La vitesse V d’un mobile est une fonction linéaire du rapport de force A à la résistance B, V = λ.A/B pour toutes les valeurs de A et de B telles que A/B reste supérieur à une valeur L marquant la limite inférieure de l’efficacité de la force A.

2)

Pour A/B ≤ L, la première loi n’est plus valable et nous avons alors V = 0.

Désormais, il est clair que ces deux lois sont fausses. Mais cela n’était pas une évidence à l’époque. Cependant le plus intéressant, c’est que Archimède ne s’est pas seulement contenté de démontrer de manière éclatante l’erreur d’Aristote mais il a aussi utilisé l’argument d’Aristote lui-même pour le mettre en défaut. En effet Aristote affirme que « si la force pouvait se diviser au-delà d’une certaine limite, il arriverait qu’un seul homme continuât à mouvoir un vaisseau déplacé habituellement par une équipe de plusieurs haleurs ». Et cette éventualité est totalement exclue par Aristote. Or c’est justement cette expérience de pensée que va réaliser « l’immortel » Archimède et ce, en présence du roi Hiéron II, dans le port de Syracuse. D’après Plutarque, Archimède utilise pour effectuer cette manœuvre un appareil nommé polyspaston.

D’après Proclus, nous savons que le navire était un trois-mâts destiné par Hiéron II au roi Ptolémée d’Égypte.

Ainsi Archimède réalise de manière tout à fait concrète un modèle mental de l’expérience fictive d’Aristote et parvient à démontrer avec brio l’erreur de ce dernier.
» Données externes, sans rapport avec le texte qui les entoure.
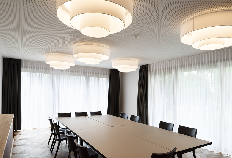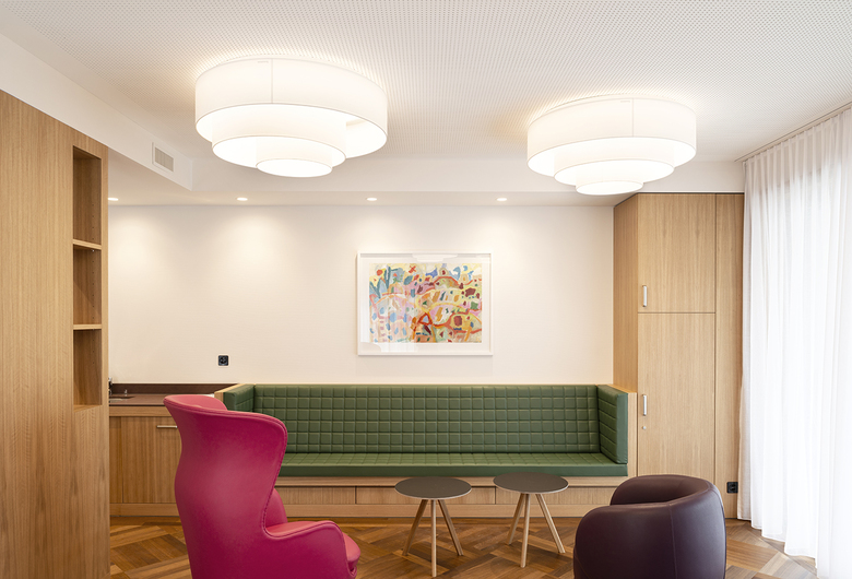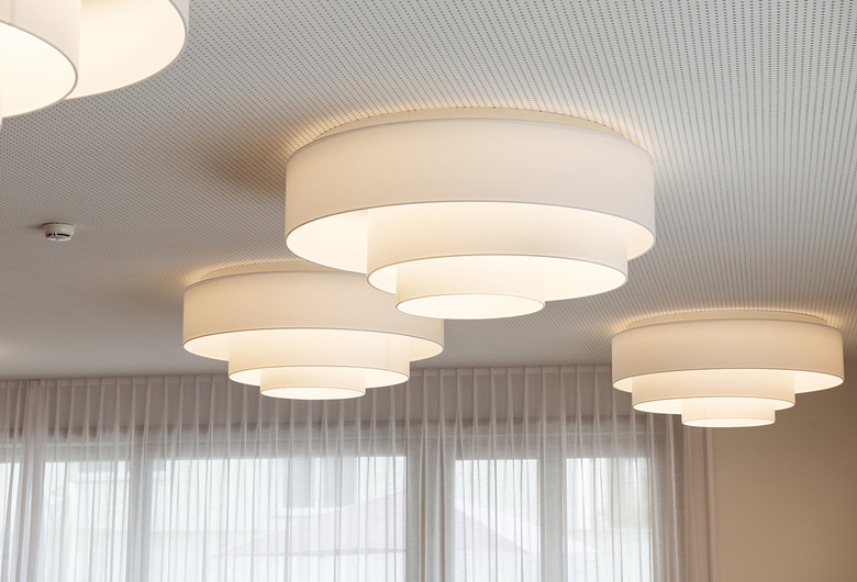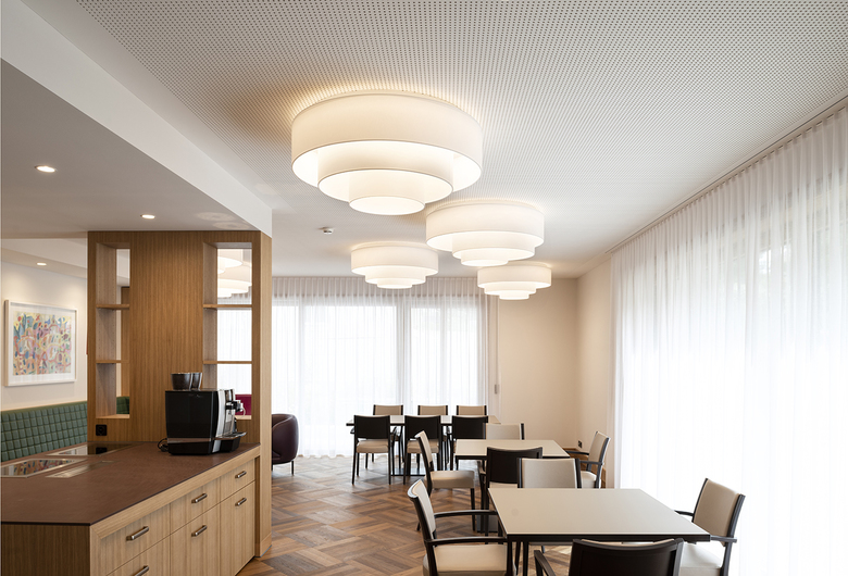 LA TORTA – war der Arbeitstitel der grossformatigen Deckenleuchten, die wir in Zusammenarbeit mit der Firma Licht+Raum AG für das Zentrum Freitag entwickeln durften. Die Anforderung war, die Räume zum richtigen Zeitpunkt mit viel blendfreiem, gleichmässig verteiltem Licht zu bespielen. Dadurch kann der Lichtmangel, dem Menschen mit Demenz ausgesetzt sind, da ihre Aktivität nachlässt, teilweise kompensiert werden.
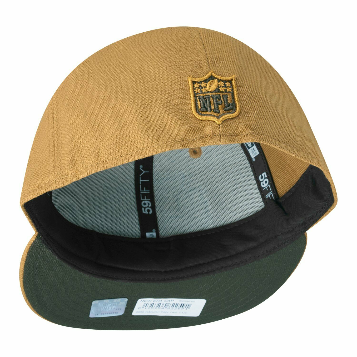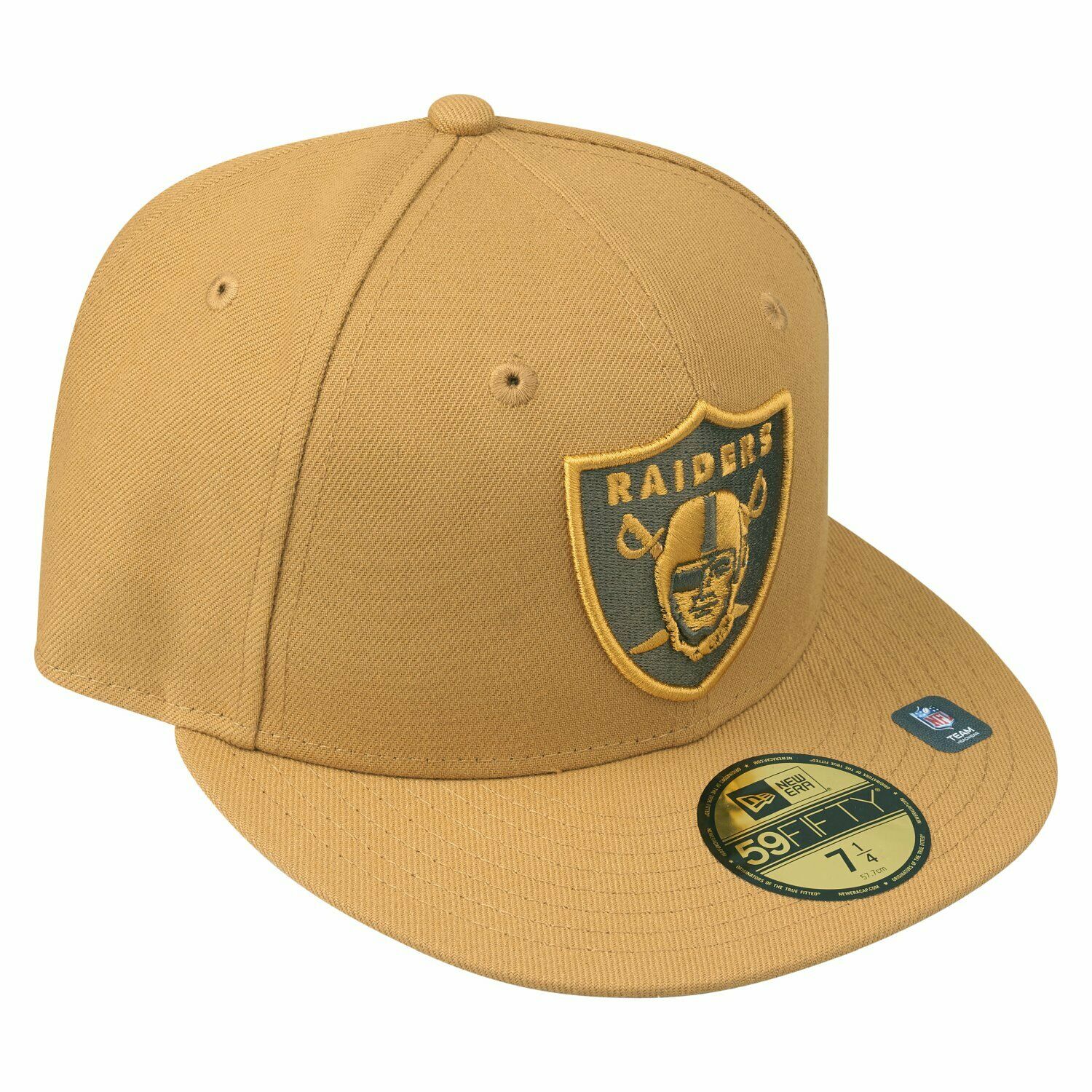 This New Era Las Vegas Raiders fitted hat has a Panama Tan colorway. The six panel structured high crown, embroidered eyelets and fabric squatchee button are Panama Tan. The flat bill of the fitted is also Panama tan with a black sweatband.
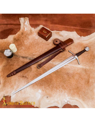 Denne reproduktion fanger essensen af de våben, der ændrede den middelalderlige kamp, og tilbyder en oplevelse, der går ud over æstetik. Det håndsmedede blad giver en kombination af styrke og fleksibilitet, der resulterer i en afbalanceret håndtering, hvilket muliggør præcise bevægelser og tillid både ved rekreationer og på udstillinger. Den full-tang konstruktion med peened pommel garanterer langvarig soliditet, så stykket bevarer sin oprindelige ydelse episode efter episode.
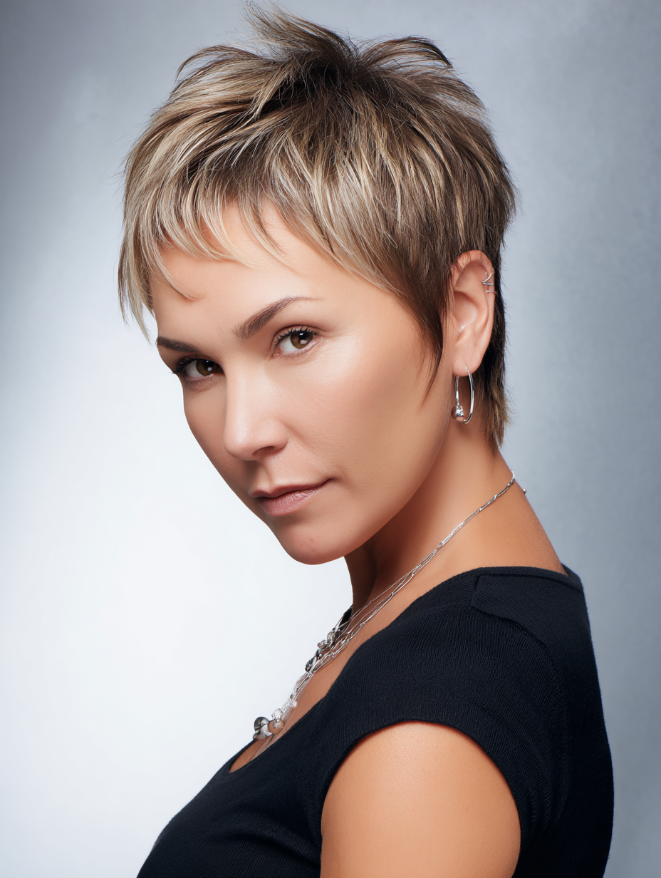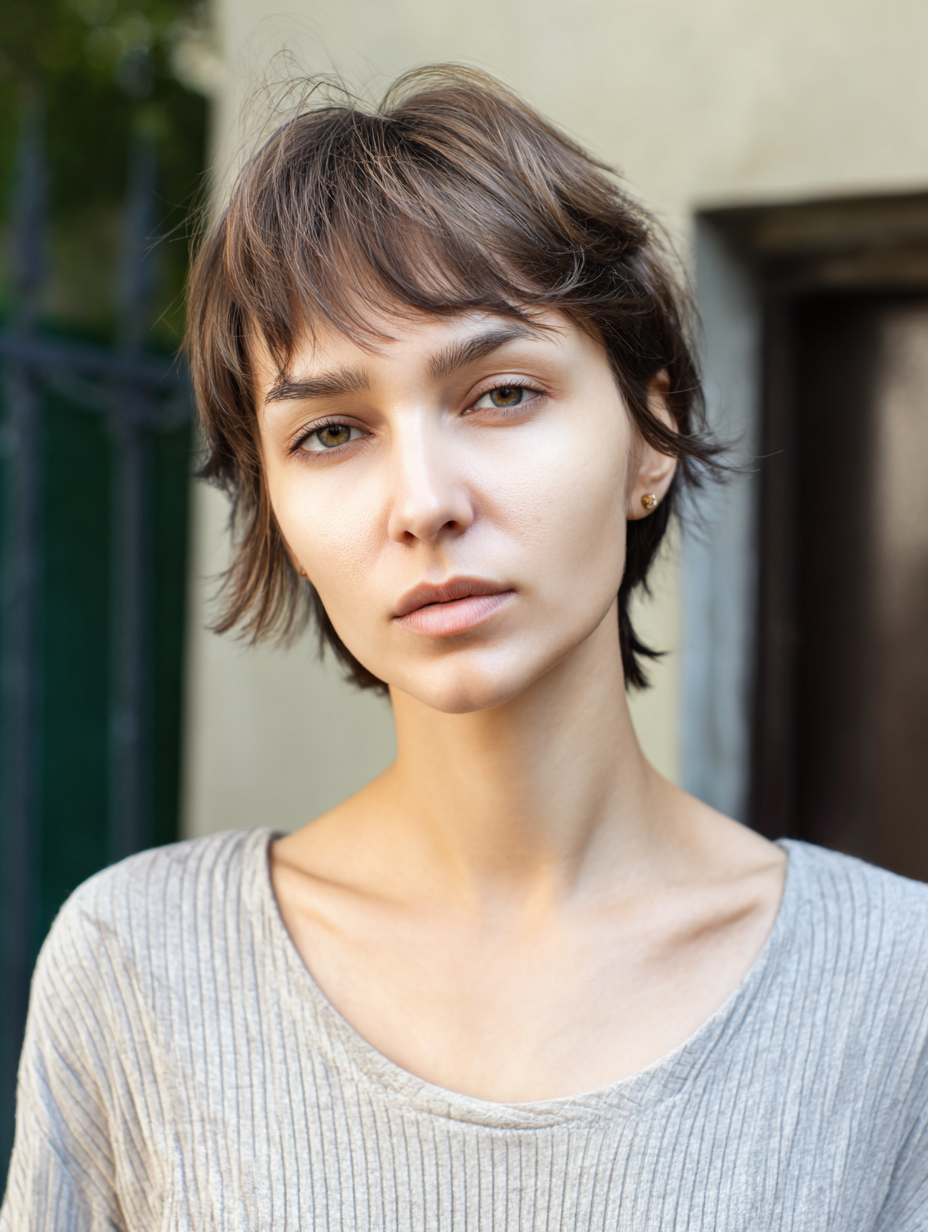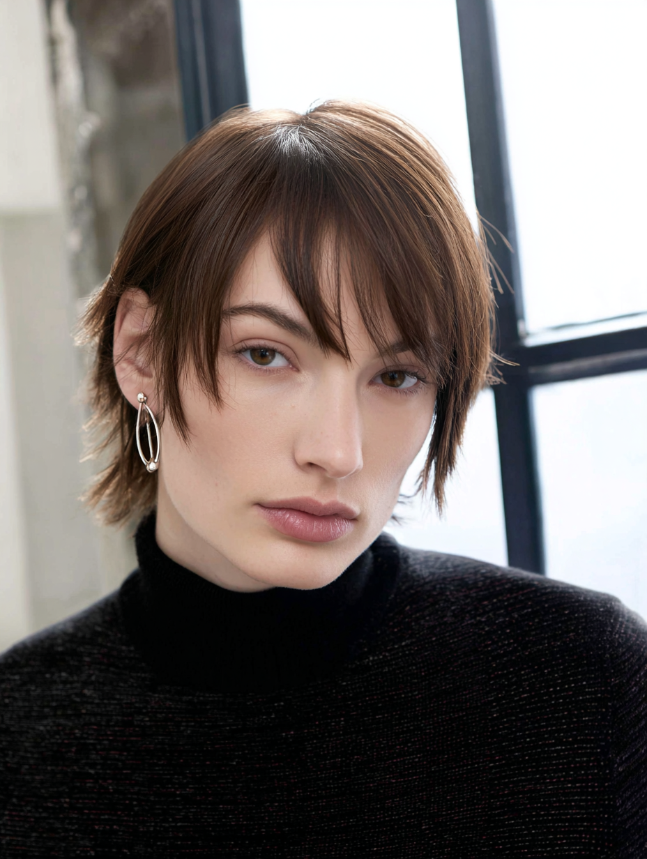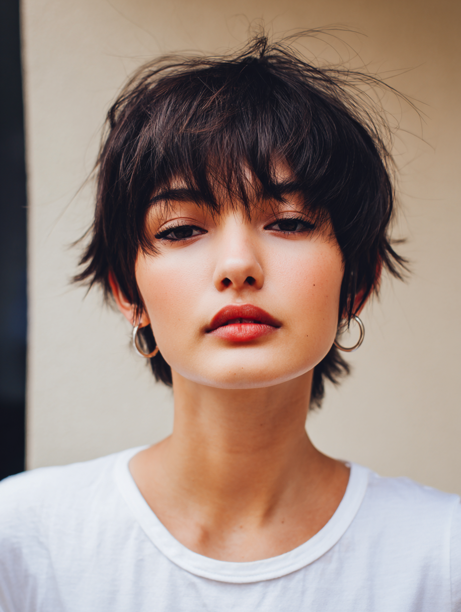 A soft fringe short shag gives fine hair a fuller, more balanced look without harsh lines.

Il met en place, au sens d’Albert Einstein, une expérience de pensée qui avec l’introduction de la poulie multiple, permet de diviser à volonté la force nécessaire pour effectuer le déplacement d’un solide. Il réduit ainsi à l’absurde une théorie physique qui n’était en réalité basée sur aucune expérience effective mais au contraire sur un système intuitif transformé en dogme par l’autorité de son concepteur.

L’approche d’Archimède pour contrer la doctrine d’Aristote n’est pas seulement révélatrice de son style mais aussi de sa mentalité. Il n’hésite pas à braver les interdits consensuels pour expérimenter de manière efficace et réaliser l’impensable. Il est capable de produire l’impossible car il ne se fie qu’à la nature et à son intelligence critique et créative.